'''
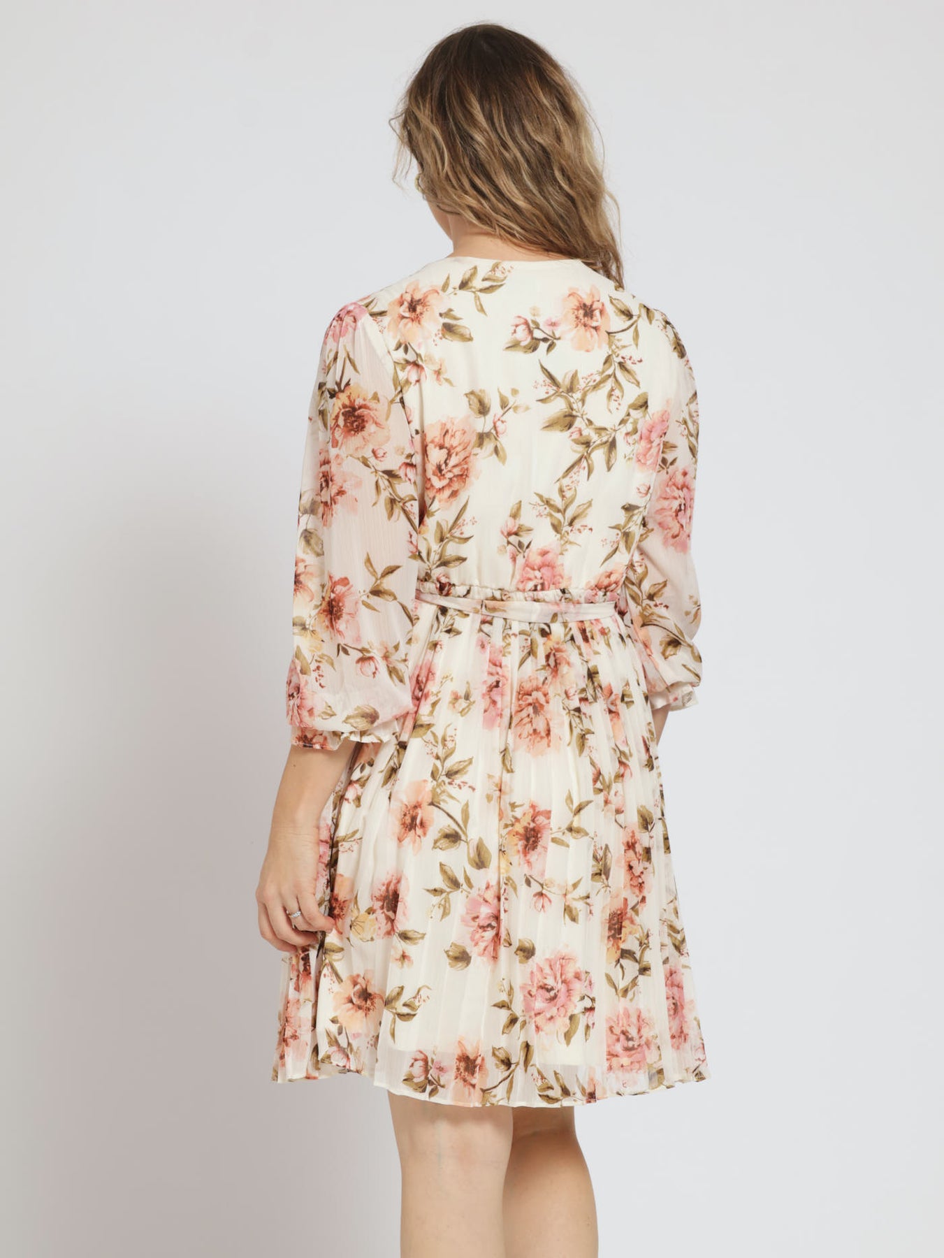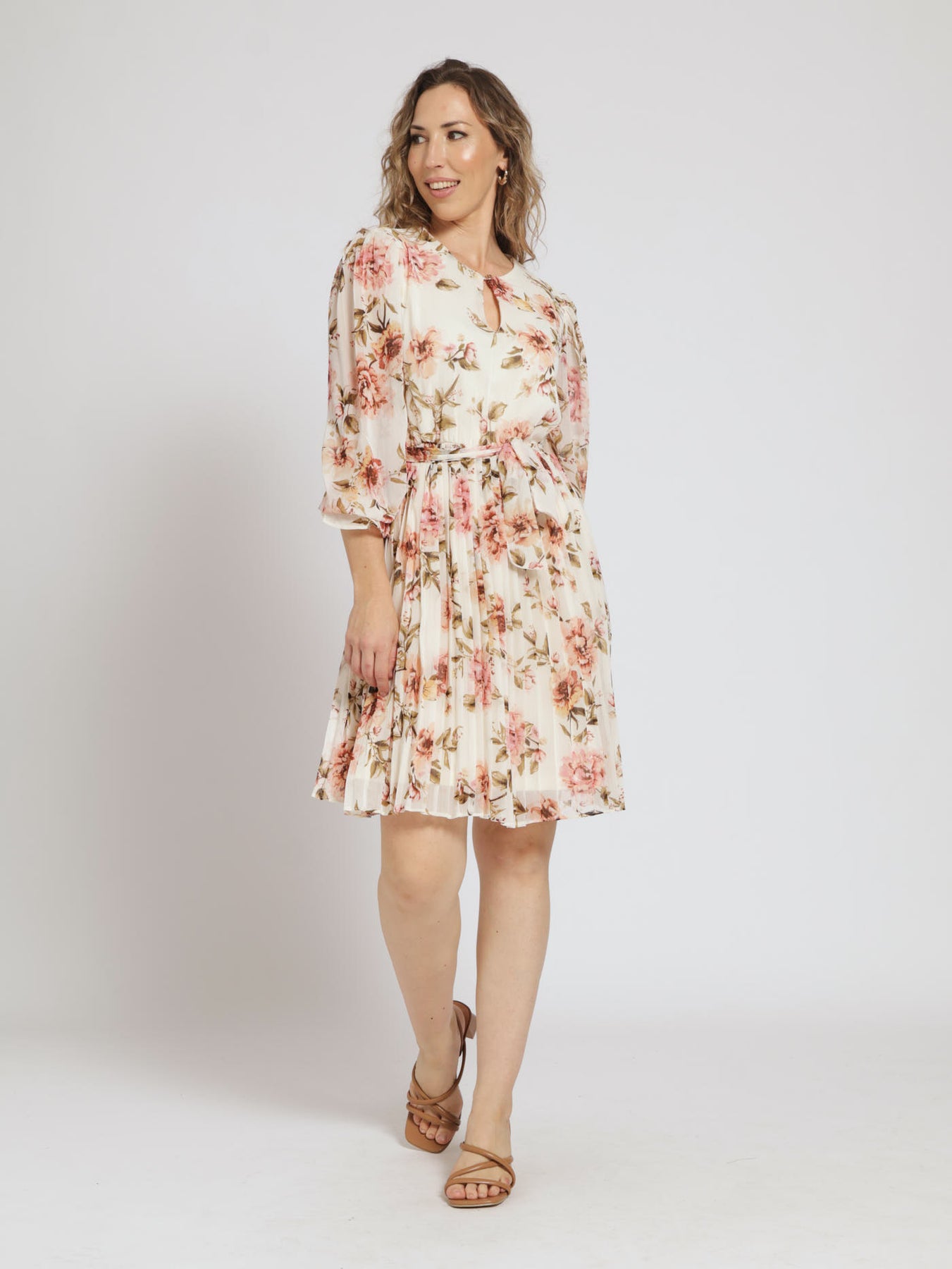 Make an entrance in our Long Sleeve Front Key Hole Pleated Tea Dress! With its stunning floral design and good quality, this dress is sure to turn heads. Embrace the feeling of being effortlessly chic and confident. Available in cream. Don't miss out on this must-have dress!
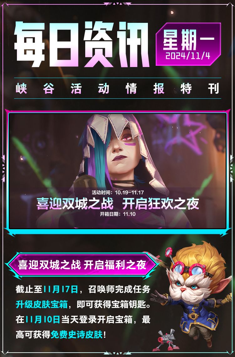 今日登录游戏前往签到的召唤师,可以领取周一登录幸运宝箱,开启后就有机会获得龙魂水晶、史诗皮肤随机宝箱奖励~
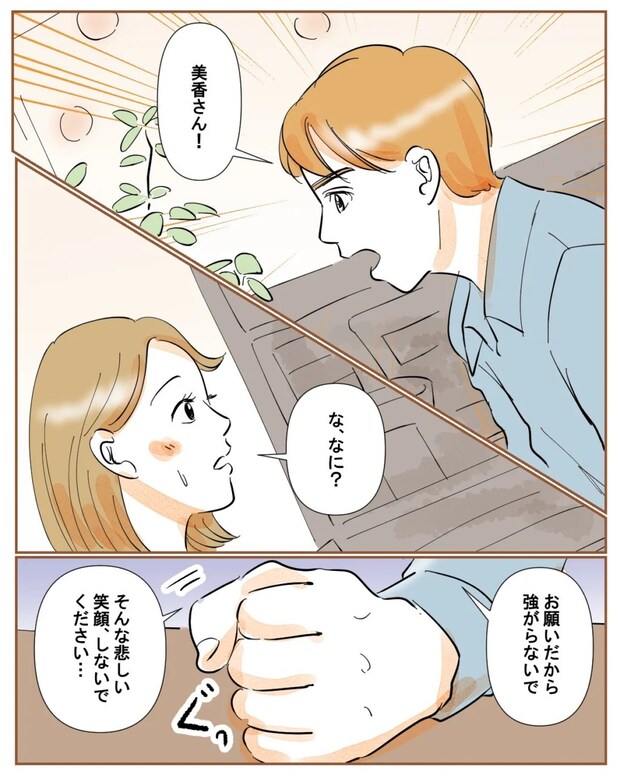 すると「美香さん!」と突然大きな声を出す佐藤さん。「な、なに?」何事かと思ってたずねると、「お願いだから強がらないで。そんな悲しい笑顔、しないでください・・」と私よりも悲しそうな表情で言いました。
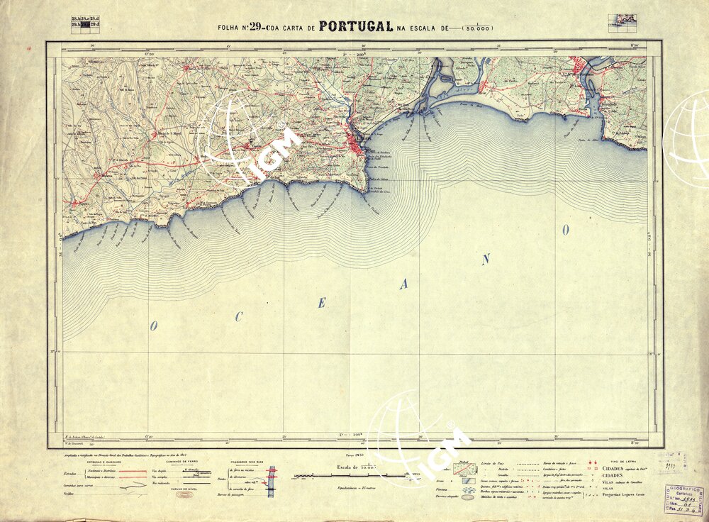 Direcçao Geral dos Trabalhos Geodèsicos e Topograficos Lisboa. Stampa in policroma a curve di livello.
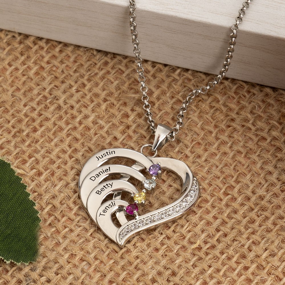 Custom Heart Shaped Birthstones Necklace with 1-6 Names Unique Family Gift For Mom Grandma
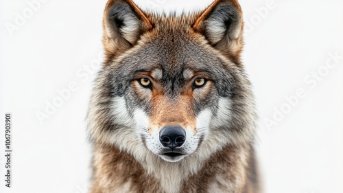 © eric.rodriguez, Fototapeta premium a close up of a siberian wolf looking a camera on isolated white background
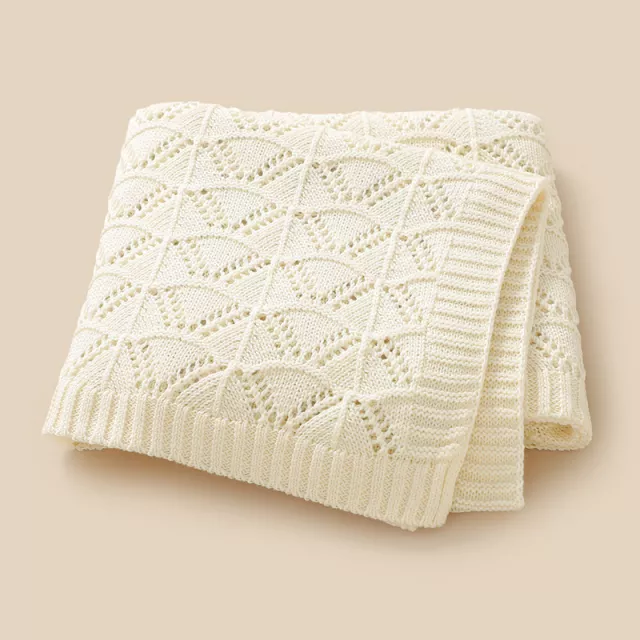 This beautiful blanket features a fashionable hollow-out knit design that enhances airflow while keeping your little one snug. Its solid plaid texture adds a timeless, minimalist charm that suits both boys and girls. Whether it’s a brisk morning walk, a peaceful nap, or tummy time, this versatile blanket is perfect for every season — keeping your baby warm in winter and cool in summer.
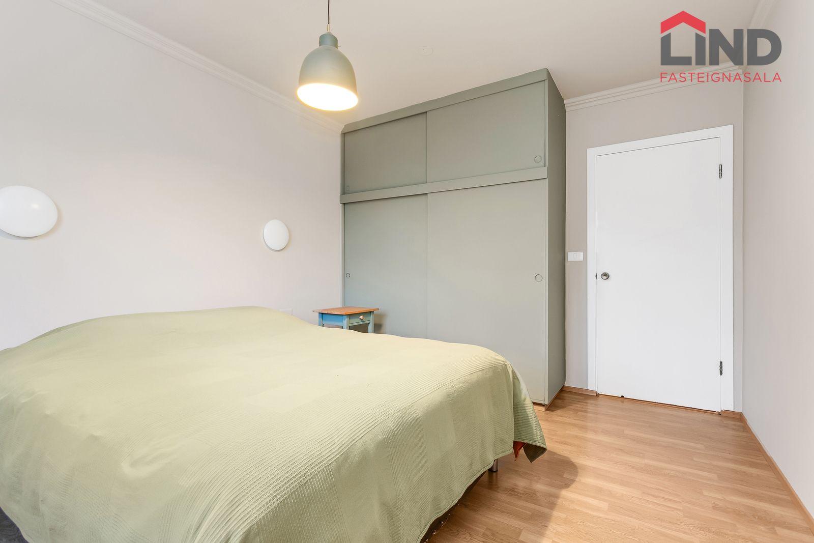 Svefnherbergið er með fataskáp og parketi á gólfi.
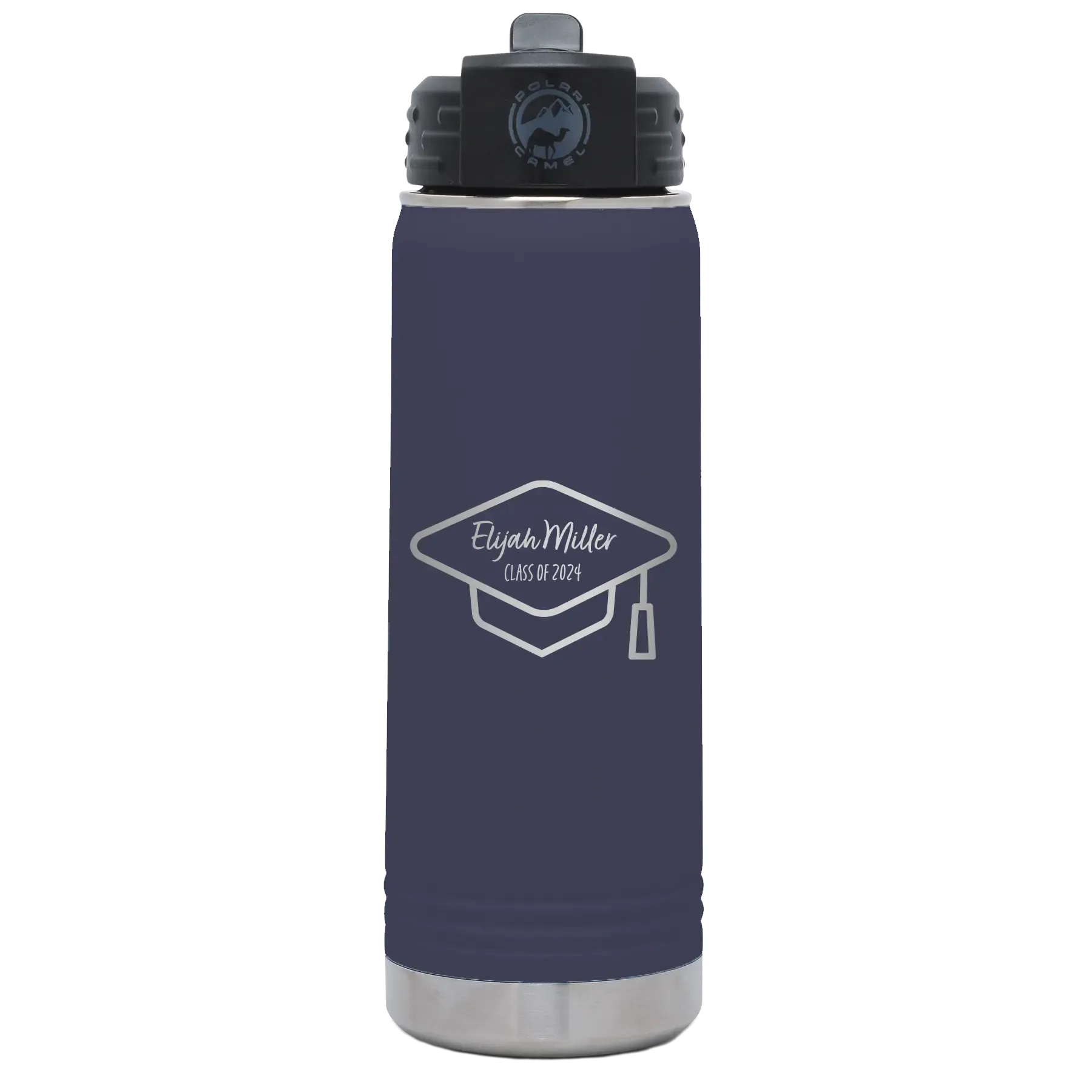 Personalized 2 lines Grad Name and Class 20 oz Water Bottle – Navy
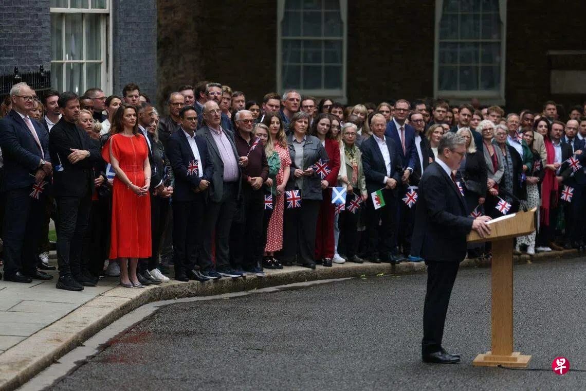 英国星期四(4日)举行议会下院选举,选举结果星期五出炉。斯塔默领导的工党赢得议会下院超过半数席位,成为执政党。当天在白金汉宫,斯塔默被国王查尔斯三世授权组建新内阁,正式就任首相。
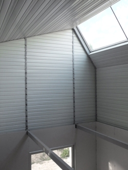 Ugaona struktura poseduje pomaknuti zabat i isečena je sa malim prozorima na južnoj i zapadnoj strani. Upotreba jakog ali laganog talasastog materijala smanjuje pritisak na postojeću spratnu konstrukciju donje etaže.
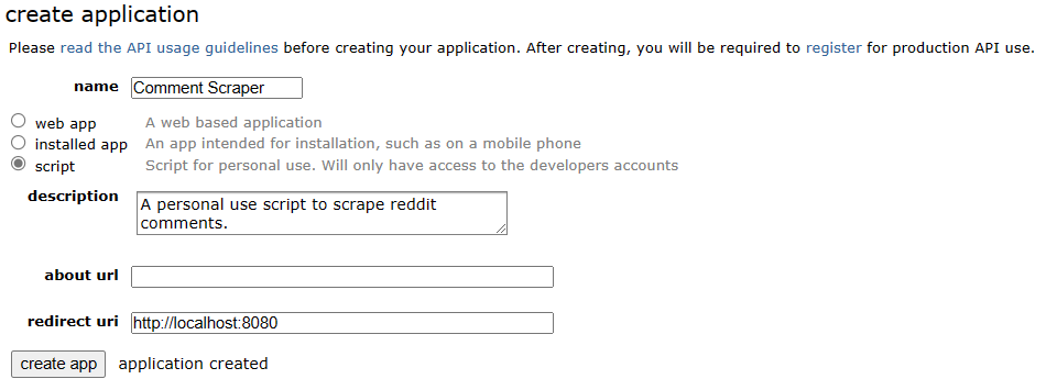 This will open a form where you need to fill in a name, description and redirect uri. The name and description are for your own use and can be anything. I recommend something descriptive. However, you should enter http://localhost:8080 for the redirect uri.
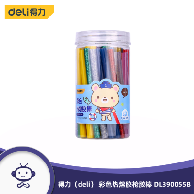 | 包装清单: | 得力(deli) 彩色高粘性热熔胶枪胶棒胶条55支装7mm*100mm ROHS认证 DL390055B |
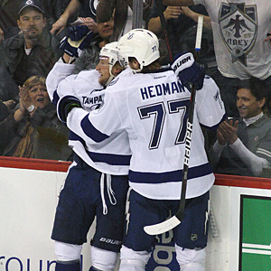 L - R : Steven Stamkos and Victor Hedman celebrate goal number 60 of the season by Stamkos on April 7, 2012 at the MTS Centre in Winnipeg, Manitoba, Canada. Tampa Bay beat Winnipeg 4 - 3 in overtime.
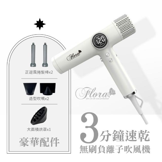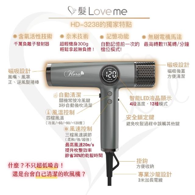 FLORAL 芙蘿菈芙蘿拉 FLORA HD-3238 負離子無刷吹風機 三代沙龍級 速乾護髮 輕量機身 附磁吸捲髮棒 自動清潔 四檔風溫
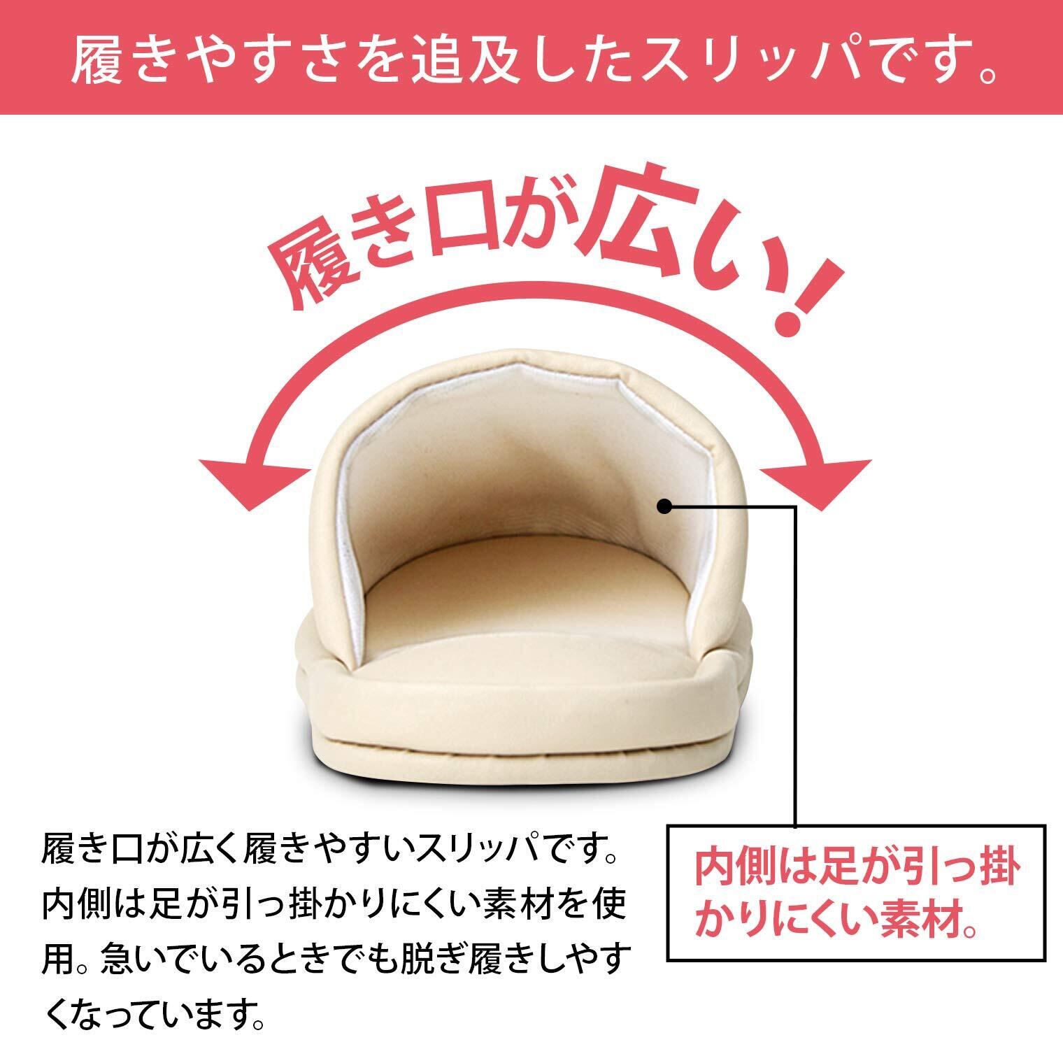履き口がゆったりと広い履きやすいスリッパ。
'''
Directions: Using the entries above, transcribe every line from the line containing "Svefnherbergið er með" through the line containing "L - R : Steven". Do not copy pictures.

Expected output:
 Svefnherbergið er með fataskáp og parketi á gólfi.
 Personalized 2 lines Grad Name and Class 20 oz Water Bottle – Navy
 英国星期四(4日)举行议会下院选举,选举结果星期五出炉。斯塔默领导的工党赢得议会下院超过半数席位,成为执政党。当天在白金汉宫,斯塔默被国王查尔斯三世授权组建新内阁,正式就任首相。
 Ugaona struktura poseduje pomaknuti zabat i isečena je sa malim prozorima na južnoj i zapadnoj strani. Upotreba jakog ali laganog talasastog materijala smanjuje pritisak na postojeću spratnu konstrukciju donje etaže.
 This will open a form where you need to fill in a name, description and redirect uri. The name and description are for your own use and can be anything. I recommend something descriptive. However, you should enter http://localhost:8080 for the redirect uri.
 | 包装清单: | 得力(deli) 彩色高粘性热熔胶枪胶棒胶条55支装7mm*100mm ROHS认证 DL390055B |
 L - R : Steven Stamkos and Victor Hedman celebrate goal number 60 of the season by Stamkos on April 7, 2012 at the MTS Centre in Winnipeg, Manitoba, Canada. Tampa Bay beat Winnipeg 4 - 3 in overtime.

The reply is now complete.